- [Given information]:
------------------------

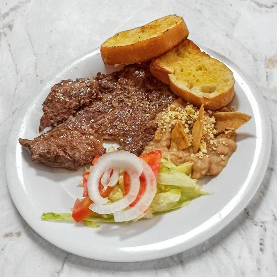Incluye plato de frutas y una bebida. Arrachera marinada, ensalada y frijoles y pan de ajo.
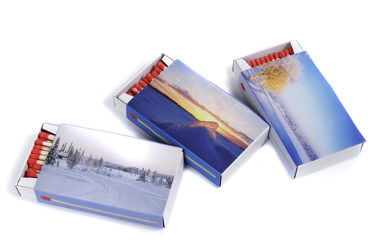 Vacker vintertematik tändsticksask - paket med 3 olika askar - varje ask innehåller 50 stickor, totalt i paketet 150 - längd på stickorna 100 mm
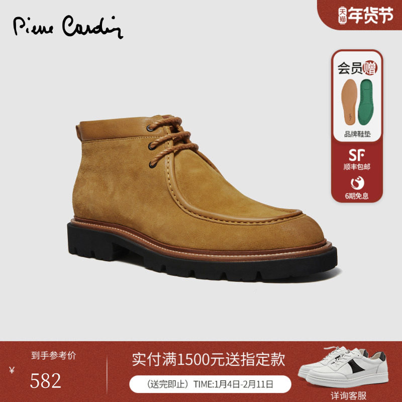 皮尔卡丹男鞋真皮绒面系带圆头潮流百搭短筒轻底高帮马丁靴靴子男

------------------------

- [Assignment]: The pictures should be dropped, and every line above should be set down again exactly.

- [Reply to the exercise]:
Incluye plato de frutas y una bebida. Arrachera marinada, ensalada y frijoles y pan de ajo.
 Vacker vintertematik tändsticksask - paket med 3 olika askar - varje ask innehåller 50 stickor, totalt i paketet 150 - längd på stickorna 100 mm
 皮尔卡丹男鞋真皮绒面系带圆头潮流百搭短筒轻底高帮马丁靴靴子男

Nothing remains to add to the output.